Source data
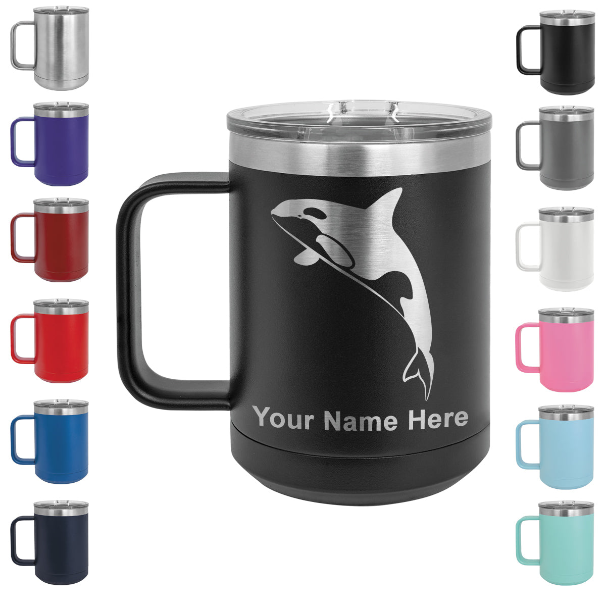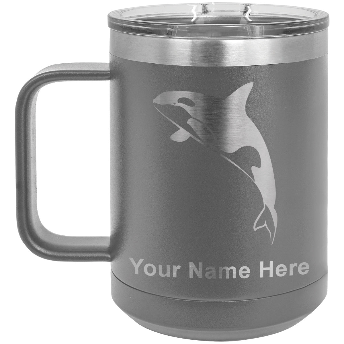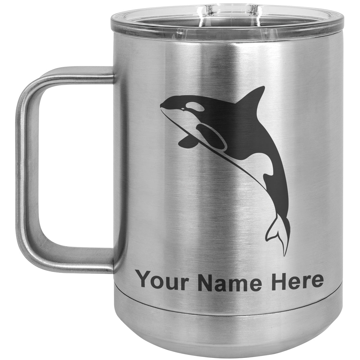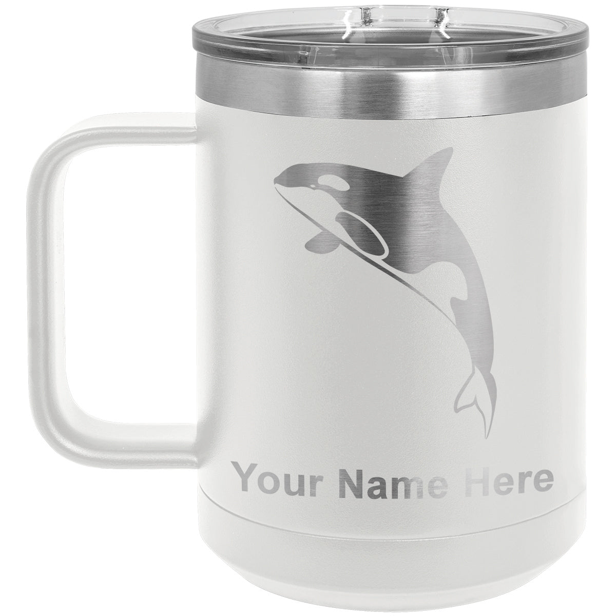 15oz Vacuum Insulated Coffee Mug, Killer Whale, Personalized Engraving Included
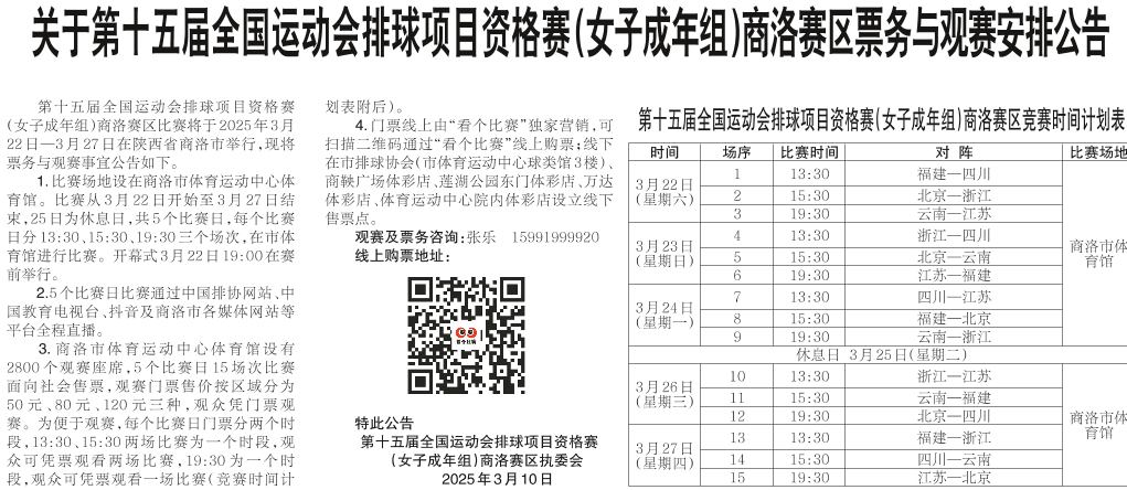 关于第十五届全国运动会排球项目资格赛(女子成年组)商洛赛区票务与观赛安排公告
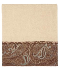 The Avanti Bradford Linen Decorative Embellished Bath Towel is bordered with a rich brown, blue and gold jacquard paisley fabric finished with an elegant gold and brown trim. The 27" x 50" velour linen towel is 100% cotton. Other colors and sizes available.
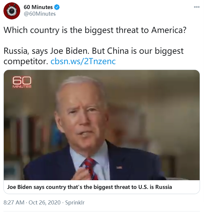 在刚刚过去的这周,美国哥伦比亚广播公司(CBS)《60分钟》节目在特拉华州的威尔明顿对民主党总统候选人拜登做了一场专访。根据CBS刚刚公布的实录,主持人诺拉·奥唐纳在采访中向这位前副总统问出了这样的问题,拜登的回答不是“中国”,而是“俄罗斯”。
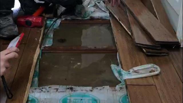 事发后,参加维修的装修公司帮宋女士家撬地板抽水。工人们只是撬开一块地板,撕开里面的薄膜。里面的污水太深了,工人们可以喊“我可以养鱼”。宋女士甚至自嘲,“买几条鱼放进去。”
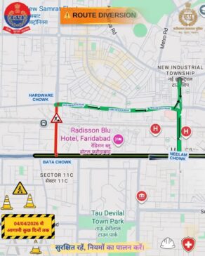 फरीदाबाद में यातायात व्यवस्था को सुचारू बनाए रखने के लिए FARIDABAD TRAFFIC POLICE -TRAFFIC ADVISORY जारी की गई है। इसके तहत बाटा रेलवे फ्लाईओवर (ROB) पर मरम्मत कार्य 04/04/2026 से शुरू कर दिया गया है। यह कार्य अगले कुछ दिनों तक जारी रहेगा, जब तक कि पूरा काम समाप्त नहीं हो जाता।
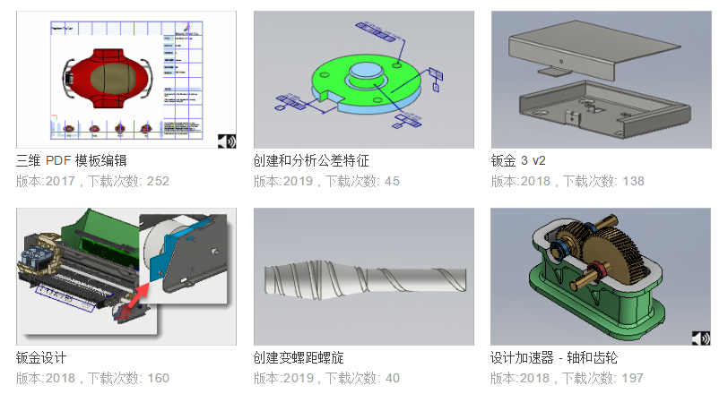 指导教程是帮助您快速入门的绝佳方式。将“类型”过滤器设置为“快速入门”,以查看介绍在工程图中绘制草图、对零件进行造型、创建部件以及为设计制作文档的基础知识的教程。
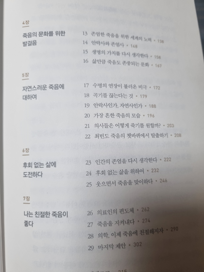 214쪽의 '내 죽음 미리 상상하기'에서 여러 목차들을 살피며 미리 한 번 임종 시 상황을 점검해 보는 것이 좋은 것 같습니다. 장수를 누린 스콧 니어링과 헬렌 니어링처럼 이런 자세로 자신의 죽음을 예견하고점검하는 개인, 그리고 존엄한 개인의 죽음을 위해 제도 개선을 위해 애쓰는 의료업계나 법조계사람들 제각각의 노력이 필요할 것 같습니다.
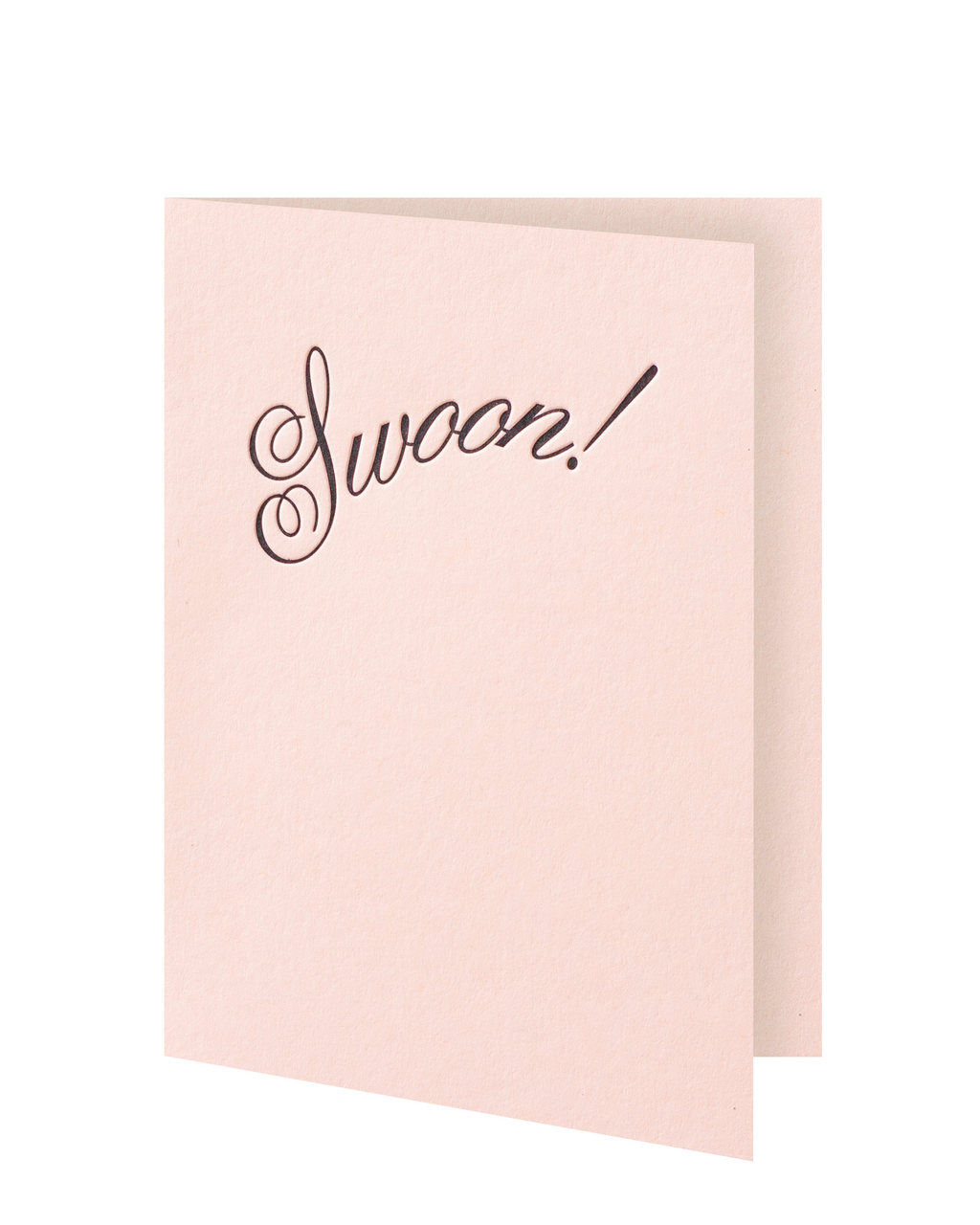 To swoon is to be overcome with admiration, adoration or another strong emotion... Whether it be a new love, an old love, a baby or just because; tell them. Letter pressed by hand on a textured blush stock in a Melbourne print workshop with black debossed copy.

- _TASK TO COMPLETE_
In the entries above, every line from the line with "关于第十五届全国运动会排球项目资格赛(女子成年组)商洛赛区票务与观赛安排公告" to the line with "The Avanti Bradford" is to be printed exactly, with both ends included and pictures excluded.

- _FINISHED EXERCISE_
 关于第十五届全国运动会排球项目资格赛(女子成年组)商洛赛区票务与观赛安排公告
 The Avanti Bradford Linen Decorative Embellished Bath Towel is bordered with a rich brown, blue and gold jacquard paisley fabric finished with an elegant gold and brown trim. The 27" x 50" velour linen towel is 100% cotton. Other colors and sizes available.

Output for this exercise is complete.